Governments and religious leaders in Muslim-majority nations are talking to vaccine manufacturers, investigating production processes and issuing guidelines in an effort to ensure that concerns about products banned by Islam do not interfere with Covid-19 vaccinations.
On Friday, Indonesia’s high clerical council, with the largest Muslim population in the world, said China’s Sinovac vaccine is permitted by Islam, or halal. The decision came after council representatives visited Sinovac’s factory in China last year and conducted a halal audit.
Part of the challenge of launching vaccines worldwide will be to persuade enough people to take them to achieve collective immunity.

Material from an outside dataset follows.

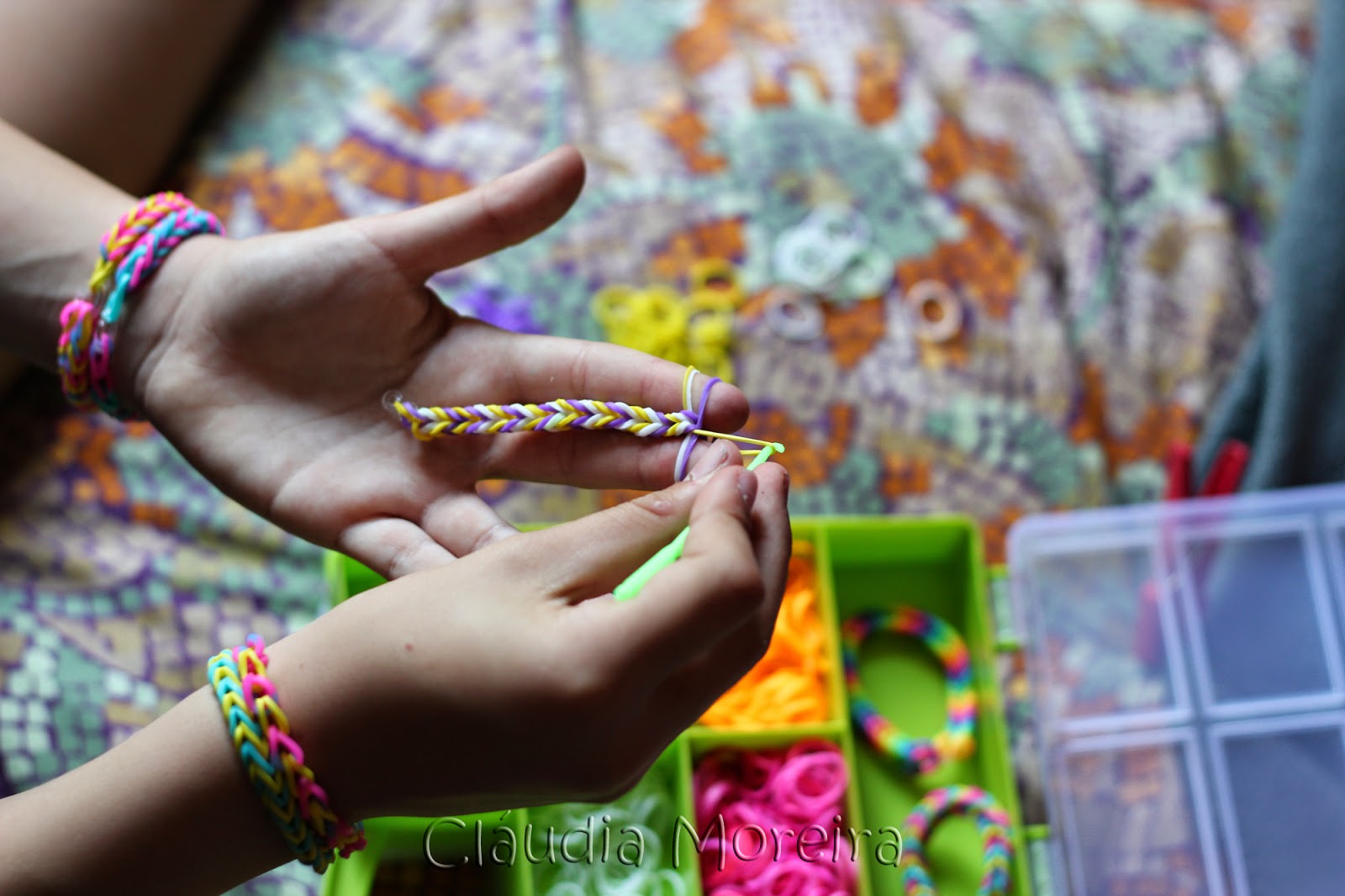 E com uns simples elásticos coloridos lá fazem ponto inglês (sim aquele das camisolas!), pulseiras simples, quadradas e por aí fora!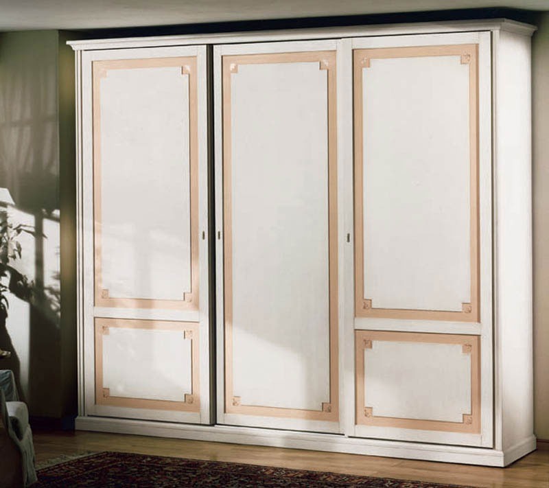 Armoire laquée avec 3 portes coulissantes. Garde-robe de luxe classique pour le mobilier chambre aménagée pour les hôtels et la maison. Fabriqué entièrement en nid d'abeille. Recouvert d'une finition laque spéciale à la feuille d'or ou d'argent. L'intérieur est fait de bois de noyer Tanganyika avec des étagères et des tiroirs.

In many countries, Muslims and non-Muslims, efforts must overcome security issues, suspicions and conspiracy theories, as well as religious and ethical objections.
Gelatin taken from pigs and cells created with tissue from human fetuses, which are common in vaccine production, are not halal, say Muslim scholars.
Vaccine acceptance before the coronavirus pandemic varied widely among Muslim countries, with high confidence in countries like Bangladesh and Uzbekistan, according to an opinion poll in 149 countries published in September 2020 in the medical journal Lancet. He found that of the 10 countries with the sharpest drop in confidence in vaccines during the four years to 2019, seven were predominantly Muslim: Afghanistan, Azerbaijan, Bosnia and Herzegovina, Indonesia, Malaysia, Nigeria and Pakistan. The other three were Japan, Georgia and Serbia.